Pronto estamos en la autopista. Las luces de la ciudad me ciegan y las repentinas ráfagas de viento me hacen temblar. Hace un frío que pela, incluso con la gran y cómoda sudadera con capucha de Theo envuelta a mi alrededor.
Chillo cuando pisa el acelerador con más fuerza, lo que nos hace acelerar aún más. Aprieto los brazos alrededor del torso de Theo y le oigo reírse profundamente a través de la música.
Ir en moto es jodidamente aterrador. Ver el mundo pasar tan rápido es inquietante; hace que todo parezca irreal, como si estuviera viviendo en un sueño, pero a la vez en una pesadilla.
«Ve más despacio, tengo miedo», le digo, con la voz temblorosa, mientras nos detenemos en un semáforo en rojo.
Theo estira el brazo hacia atrás y apoya la palma de la mano en mi pierna. Me frota la tela de los vaqueros con movimientos circulares relajantes.
«Estarás bien, cariño», me asegura con voz suave y tierna.
«No dejaré que te pase nada malo, confía en mí».
Sus palabras y el consuelo de su tacto me transmiten una oleada de tranquilidad, haciéndome relajarme, aunque solo sea un poco.
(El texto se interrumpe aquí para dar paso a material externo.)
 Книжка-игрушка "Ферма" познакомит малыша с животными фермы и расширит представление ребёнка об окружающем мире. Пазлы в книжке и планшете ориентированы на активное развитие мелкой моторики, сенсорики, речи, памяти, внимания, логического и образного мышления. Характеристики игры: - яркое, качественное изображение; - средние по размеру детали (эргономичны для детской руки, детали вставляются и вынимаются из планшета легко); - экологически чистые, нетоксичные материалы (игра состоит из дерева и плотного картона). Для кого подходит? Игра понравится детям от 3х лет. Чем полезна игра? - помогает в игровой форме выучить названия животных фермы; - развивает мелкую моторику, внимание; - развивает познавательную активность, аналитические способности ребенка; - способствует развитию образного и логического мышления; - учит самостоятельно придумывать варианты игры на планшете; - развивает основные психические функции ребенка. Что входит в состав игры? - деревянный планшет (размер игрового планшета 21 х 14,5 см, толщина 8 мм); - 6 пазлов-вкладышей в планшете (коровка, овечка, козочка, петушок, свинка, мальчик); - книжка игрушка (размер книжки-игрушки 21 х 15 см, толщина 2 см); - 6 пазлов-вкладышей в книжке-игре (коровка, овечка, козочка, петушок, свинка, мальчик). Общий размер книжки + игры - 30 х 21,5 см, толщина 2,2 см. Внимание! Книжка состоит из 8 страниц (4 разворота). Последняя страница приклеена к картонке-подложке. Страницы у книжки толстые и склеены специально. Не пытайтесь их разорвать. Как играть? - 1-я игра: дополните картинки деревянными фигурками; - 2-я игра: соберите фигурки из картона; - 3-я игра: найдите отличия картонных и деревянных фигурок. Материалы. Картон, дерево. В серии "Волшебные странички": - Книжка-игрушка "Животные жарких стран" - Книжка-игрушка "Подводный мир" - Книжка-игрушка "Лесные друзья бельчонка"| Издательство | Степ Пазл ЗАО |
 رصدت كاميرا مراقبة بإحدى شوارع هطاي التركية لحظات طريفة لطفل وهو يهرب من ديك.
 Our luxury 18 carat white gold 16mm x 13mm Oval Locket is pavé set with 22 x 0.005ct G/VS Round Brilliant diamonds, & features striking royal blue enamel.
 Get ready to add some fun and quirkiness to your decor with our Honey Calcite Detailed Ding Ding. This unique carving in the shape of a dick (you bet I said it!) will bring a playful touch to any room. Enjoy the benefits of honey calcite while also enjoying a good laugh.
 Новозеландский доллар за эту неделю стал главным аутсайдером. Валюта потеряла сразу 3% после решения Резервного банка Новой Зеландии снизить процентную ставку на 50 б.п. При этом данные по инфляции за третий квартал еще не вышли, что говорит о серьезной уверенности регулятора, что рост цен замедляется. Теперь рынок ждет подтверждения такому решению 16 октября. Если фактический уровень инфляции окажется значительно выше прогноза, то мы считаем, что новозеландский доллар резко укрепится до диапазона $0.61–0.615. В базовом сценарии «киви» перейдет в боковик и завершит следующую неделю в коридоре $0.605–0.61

El semáforo se pone en verde y Theo arranca de nuevo.
Empieza a sonar «Reflections» de The Neighbourhood y me prometo mentalmente guardar su lista de reproducción porque esta canción me está impactando.
Miro a mi alrededor, incapaz de evitar admirar la belleza de la ciudad. Los altos edificios, las luces cuadradas que se asoman en la noche, todo contribuye a la atmósfera.
Elisia
Se me corta la respiración. No hablo por un momento, y siento la mano de Theo deslizarse lentamente por debajo de mi sudadera con capucha. Traza pequeñas formas en mi estómago, calmándome y tranquilizándome.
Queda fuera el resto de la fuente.